Looking at the entries underneath, work out how many lines contain "night". Write only that number.

==========

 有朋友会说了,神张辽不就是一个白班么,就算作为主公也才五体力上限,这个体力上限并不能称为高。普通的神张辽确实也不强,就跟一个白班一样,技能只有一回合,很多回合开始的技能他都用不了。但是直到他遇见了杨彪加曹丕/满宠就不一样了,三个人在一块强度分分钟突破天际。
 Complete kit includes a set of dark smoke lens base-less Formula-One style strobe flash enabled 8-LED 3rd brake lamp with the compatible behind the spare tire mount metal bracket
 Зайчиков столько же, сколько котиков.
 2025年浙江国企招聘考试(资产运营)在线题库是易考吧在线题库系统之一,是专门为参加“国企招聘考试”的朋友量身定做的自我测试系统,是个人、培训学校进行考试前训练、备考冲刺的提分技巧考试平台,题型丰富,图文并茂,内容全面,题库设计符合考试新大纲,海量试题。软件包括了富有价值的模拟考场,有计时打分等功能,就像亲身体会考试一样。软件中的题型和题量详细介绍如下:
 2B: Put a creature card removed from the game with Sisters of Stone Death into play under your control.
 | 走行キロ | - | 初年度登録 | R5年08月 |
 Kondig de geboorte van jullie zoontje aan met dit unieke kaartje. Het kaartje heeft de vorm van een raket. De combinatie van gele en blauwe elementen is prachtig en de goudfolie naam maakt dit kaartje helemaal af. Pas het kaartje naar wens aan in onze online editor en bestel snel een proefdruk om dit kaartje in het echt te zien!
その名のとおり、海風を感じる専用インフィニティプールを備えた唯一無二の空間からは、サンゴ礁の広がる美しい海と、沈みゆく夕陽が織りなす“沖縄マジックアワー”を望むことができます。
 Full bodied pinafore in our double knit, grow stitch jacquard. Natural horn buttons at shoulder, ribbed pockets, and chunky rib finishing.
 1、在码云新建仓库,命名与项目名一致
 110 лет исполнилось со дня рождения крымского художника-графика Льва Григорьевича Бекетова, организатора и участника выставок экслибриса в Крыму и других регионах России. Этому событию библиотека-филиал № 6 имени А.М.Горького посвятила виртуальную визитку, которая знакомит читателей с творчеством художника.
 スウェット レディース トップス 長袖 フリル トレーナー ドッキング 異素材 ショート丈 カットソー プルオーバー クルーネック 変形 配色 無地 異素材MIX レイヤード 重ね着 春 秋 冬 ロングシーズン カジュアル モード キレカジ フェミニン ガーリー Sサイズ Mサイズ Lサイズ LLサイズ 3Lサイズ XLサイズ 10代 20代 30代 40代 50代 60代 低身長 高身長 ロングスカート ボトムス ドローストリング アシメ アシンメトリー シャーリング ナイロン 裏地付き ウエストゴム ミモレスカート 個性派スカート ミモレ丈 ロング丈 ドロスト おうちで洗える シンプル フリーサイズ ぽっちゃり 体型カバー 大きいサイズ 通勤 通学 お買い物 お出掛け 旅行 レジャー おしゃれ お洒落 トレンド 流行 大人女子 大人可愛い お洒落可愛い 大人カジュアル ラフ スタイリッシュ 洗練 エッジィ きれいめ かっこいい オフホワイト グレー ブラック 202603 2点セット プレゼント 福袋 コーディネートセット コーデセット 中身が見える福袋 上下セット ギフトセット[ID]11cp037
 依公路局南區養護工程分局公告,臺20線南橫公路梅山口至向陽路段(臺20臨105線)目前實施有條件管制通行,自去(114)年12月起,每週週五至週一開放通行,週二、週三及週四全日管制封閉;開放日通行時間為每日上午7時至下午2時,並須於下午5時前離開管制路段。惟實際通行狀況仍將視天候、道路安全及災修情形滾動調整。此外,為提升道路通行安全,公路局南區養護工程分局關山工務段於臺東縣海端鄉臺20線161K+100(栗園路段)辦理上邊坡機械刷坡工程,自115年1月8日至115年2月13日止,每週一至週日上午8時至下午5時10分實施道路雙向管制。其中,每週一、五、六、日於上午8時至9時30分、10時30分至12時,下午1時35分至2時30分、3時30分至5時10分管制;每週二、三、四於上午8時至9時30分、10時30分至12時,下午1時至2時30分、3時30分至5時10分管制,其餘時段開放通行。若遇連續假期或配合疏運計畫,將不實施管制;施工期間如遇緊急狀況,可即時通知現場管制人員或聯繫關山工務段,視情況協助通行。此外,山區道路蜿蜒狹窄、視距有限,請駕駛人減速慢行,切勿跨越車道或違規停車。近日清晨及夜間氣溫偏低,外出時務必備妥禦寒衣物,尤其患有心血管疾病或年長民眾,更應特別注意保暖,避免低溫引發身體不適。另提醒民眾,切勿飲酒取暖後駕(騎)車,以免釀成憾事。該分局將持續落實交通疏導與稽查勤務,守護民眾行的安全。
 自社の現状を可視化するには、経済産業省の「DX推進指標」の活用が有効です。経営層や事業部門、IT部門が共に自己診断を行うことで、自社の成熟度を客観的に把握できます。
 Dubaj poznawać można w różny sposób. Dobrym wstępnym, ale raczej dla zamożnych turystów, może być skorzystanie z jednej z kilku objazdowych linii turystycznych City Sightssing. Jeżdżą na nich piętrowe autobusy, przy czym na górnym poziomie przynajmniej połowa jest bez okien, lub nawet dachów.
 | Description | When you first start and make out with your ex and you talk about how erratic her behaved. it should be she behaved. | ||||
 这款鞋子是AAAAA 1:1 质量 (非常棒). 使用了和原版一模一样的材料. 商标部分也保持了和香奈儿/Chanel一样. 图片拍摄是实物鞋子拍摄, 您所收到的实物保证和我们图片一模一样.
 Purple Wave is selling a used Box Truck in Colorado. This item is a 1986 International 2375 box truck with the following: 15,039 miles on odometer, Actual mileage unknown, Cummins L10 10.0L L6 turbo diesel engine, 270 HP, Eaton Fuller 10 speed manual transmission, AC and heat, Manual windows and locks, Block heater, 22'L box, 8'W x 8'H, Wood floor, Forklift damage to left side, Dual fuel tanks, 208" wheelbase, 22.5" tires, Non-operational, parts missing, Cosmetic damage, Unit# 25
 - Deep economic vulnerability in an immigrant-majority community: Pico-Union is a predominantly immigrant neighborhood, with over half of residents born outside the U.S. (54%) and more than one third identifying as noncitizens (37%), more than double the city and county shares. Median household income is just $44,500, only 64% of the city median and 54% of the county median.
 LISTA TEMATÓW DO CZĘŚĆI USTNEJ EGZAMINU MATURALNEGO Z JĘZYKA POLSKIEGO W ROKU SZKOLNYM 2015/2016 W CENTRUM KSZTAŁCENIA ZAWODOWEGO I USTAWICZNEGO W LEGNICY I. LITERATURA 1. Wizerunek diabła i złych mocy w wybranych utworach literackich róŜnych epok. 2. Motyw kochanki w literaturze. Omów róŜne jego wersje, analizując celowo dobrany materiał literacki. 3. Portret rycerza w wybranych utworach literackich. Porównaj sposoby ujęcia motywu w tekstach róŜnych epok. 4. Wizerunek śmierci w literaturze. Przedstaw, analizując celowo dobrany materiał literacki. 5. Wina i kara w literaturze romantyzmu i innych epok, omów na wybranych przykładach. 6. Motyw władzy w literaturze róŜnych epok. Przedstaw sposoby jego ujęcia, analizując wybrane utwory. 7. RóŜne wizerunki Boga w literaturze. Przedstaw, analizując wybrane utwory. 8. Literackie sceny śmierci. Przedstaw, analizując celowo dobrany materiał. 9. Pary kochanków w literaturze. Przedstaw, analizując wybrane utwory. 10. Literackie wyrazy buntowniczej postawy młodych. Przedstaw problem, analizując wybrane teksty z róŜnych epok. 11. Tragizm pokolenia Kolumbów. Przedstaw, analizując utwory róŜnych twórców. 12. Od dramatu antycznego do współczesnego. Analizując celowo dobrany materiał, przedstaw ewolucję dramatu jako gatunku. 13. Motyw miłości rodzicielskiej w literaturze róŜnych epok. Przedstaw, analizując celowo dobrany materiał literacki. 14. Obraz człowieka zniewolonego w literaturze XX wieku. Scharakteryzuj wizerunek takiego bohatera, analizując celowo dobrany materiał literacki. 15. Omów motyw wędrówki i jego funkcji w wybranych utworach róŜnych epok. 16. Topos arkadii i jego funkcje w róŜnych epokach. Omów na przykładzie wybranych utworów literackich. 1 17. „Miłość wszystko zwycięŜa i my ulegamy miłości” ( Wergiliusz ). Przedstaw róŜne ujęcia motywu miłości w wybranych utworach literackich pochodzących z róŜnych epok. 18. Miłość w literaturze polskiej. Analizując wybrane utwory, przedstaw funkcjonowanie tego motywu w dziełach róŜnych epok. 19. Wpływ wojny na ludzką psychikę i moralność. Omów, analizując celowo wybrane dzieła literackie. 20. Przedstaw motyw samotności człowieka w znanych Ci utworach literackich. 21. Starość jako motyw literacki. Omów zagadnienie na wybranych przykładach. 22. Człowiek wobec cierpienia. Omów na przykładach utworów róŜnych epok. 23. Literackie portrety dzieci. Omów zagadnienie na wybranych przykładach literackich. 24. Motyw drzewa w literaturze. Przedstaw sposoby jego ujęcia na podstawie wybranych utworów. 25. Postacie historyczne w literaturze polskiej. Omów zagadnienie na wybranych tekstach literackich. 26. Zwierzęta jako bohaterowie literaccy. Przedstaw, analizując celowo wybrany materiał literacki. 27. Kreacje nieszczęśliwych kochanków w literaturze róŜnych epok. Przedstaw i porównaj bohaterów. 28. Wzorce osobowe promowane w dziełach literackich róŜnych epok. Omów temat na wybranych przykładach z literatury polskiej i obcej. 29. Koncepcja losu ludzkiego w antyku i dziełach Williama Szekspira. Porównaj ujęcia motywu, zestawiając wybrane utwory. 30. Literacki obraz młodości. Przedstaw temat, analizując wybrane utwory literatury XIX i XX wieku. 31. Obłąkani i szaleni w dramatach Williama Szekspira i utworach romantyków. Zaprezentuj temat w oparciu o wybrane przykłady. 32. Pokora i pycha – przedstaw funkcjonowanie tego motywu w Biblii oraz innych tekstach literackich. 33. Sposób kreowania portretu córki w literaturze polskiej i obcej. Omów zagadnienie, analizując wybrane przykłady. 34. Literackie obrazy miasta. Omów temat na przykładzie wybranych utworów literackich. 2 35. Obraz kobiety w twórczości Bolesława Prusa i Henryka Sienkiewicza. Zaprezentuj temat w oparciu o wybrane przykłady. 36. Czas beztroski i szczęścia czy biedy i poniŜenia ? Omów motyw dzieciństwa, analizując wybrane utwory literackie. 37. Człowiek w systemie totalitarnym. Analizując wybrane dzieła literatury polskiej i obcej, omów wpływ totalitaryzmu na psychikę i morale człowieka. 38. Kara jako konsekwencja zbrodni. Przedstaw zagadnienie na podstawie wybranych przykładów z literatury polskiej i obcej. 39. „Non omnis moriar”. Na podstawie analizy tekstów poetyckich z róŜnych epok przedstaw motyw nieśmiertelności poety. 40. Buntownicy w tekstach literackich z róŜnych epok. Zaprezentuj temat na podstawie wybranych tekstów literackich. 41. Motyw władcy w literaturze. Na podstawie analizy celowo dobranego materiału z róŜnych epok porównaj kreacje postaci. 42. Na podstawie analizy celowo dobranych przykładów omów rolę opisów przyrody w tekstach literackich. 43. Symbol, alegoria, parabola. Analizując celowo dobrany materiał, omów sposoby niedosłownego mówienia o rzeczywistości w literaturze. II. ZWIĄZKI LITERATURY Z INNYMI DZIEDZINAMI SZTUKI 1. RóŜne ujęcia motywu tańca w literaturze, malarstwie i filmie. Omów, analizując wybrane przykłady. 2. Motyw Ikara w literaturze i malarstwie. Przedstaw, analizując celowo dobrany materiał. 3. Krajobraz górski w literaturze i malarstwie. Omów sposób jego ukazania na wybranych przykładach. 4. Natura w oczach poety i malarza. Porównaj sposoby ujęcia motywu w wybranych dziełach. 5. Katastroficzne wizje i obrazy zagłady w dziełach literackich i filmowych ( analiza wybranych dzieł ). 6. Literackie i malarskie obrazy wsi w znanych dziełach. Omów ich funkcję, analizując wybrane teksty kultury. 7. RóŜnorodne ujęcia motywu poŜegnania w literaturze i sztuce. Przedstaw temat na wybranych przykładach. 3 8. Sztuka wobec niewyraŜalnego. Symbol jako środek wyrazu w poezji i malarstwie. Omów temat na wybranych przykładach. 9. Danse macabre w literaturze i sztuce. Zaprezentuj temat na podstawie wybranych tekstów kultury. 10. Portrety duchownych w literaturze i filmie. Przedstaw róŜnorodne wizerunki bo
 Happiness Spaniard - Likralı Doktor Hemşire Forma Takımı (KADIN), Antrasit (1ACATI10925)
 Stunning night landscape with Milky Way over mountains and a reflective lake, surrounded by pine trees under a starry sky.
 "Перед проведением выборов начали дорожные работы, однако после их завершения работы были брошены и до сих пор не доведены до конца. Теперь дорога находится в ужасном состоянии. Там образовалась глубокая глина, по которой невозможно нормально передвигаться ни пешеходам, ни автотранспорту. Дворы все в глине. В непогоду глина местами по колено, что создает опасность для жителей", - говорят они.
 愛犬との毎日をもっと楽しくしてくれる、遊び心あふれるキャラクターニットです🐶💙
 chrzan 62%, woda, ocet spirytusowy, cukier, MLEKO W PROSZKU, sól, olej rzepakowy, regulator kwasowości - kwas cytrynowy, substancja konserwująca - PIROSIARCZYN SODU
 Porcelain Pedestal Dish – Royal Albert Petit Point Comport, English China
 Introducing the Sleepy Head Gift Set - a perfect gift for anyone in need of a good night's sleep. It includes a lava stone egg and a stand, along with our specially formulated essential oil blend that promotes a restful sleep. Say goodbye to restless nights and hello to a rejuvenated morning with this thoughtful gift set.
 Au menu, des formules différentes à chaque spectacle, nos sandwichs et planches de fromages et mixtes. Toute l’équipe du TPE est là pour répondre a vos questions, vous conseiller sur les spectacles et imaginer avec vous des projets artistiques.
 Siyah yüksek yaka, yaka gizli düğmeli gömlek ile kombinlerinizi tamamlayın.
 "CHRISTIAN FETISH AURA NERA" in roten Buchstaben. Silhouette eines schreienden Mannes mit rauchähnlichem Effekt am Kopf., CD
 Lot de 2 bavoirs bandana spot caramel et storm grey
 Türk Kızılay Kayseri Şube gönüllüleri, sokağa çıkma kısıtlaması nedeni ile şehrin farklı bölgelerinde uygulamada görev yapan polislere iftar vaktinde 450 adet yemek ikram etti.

==========

__Answer box__. 2